On Tuesday, our class had a conversation with Philadelphia Inquirer reporter Abraham ‘Ab’ Gutman. In his own work, Ab writes about the intersection of policies and drugs, and how the two impact each other. He stressed the importance of bringing the people and the policies that affect them together in a story. Ab expressed that some journalists find the process of combing through policies and regulations to be a chore, and wonders what would make it more useful for people to engage with those resources. We talked about some of the problems around including policy in stories, like the fact that some reporters aren’t taking on stories simply because of the amount of work and time that would have to go into research and reading through documents. Ab also mentioned the problem of concisely conveying the policy information in a story, when the natural tendency is to want to explain every detail clearly to the reader. He explained to us that, while you may want to include a lot of details for comprehension purposes, the reader most likely won’t care to read it all, and will trust your word anyway. If they don’t, that’s when you can reveal your sources and give more in-depth information. We also discussed the idea that people are more likely to side with morals than science, and how we, as journalists, can best present the policies and information to potentially change those people’s minds.

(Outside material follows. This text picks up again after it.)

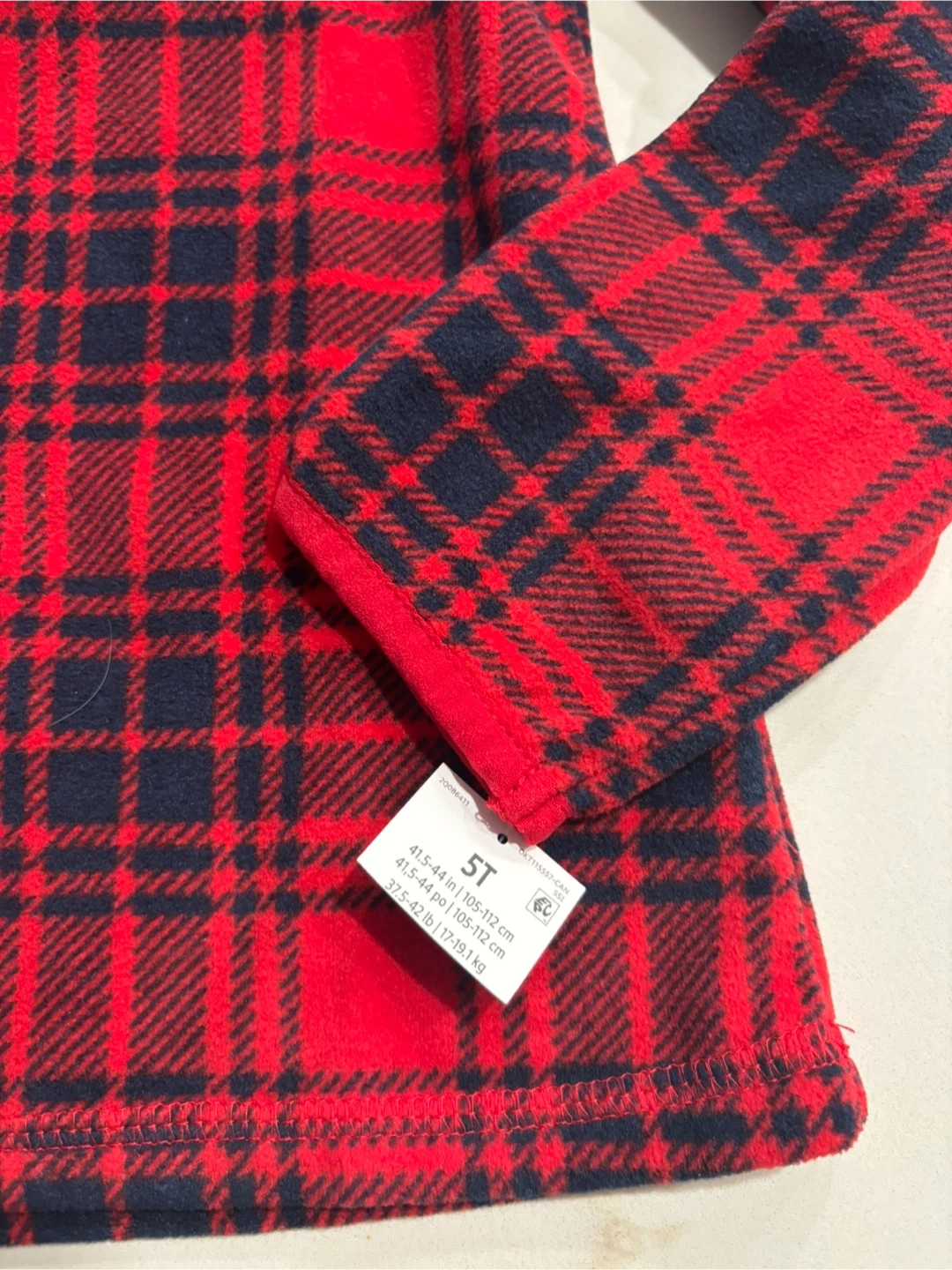 New with tag. Cozy OshKosh B'gosh fleece pullover for toddlers. Red and navy plaid pattern. Features a quarter-zip neckline. Size 5T.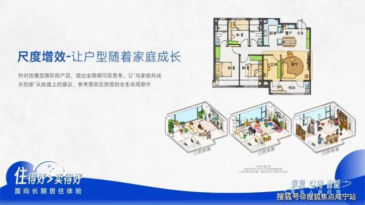 可变户型:以全户型全周期可变满足长期居住需求,与家庭共生长

I’m glad Ab came to speak with our class, because I feel like we had a really interesting conversation around policy. I personally love doing research, so I’m definitely more-so someone who would struggle with trying to convey the research articulately to my audience in a way that would give all of the important information, but wouldn’t be too wordy. I also think the conversation around the moral hazard debate was important, because I think everyone can relate to, at some point in their life, telling someone a fact and having them refuse to believe it. Being on the science-side of the debate can certainly be frustrating, and that’s why it’s even more important that we can write, report on, and frame the policies and facts we are trying to use in our stories in the most compelling way possible.

Another conversation we had that I found extremely helpful was about choosing a story idea from a group of story ideas. I’m currently in a place where I have many different story ideas that I want to pursue, but I’m having trouble picking a route. Ab suggested putting the ideas on a continuum, so that it doesn’t seem like choosing just one, but instead choosing one to focus on for the time being, and then going back to the other ideas in the future. He also reassured us that it’s completely normal to end up with a story that you didn’t start with, as different leads will pop up along the way, either through research or interviews.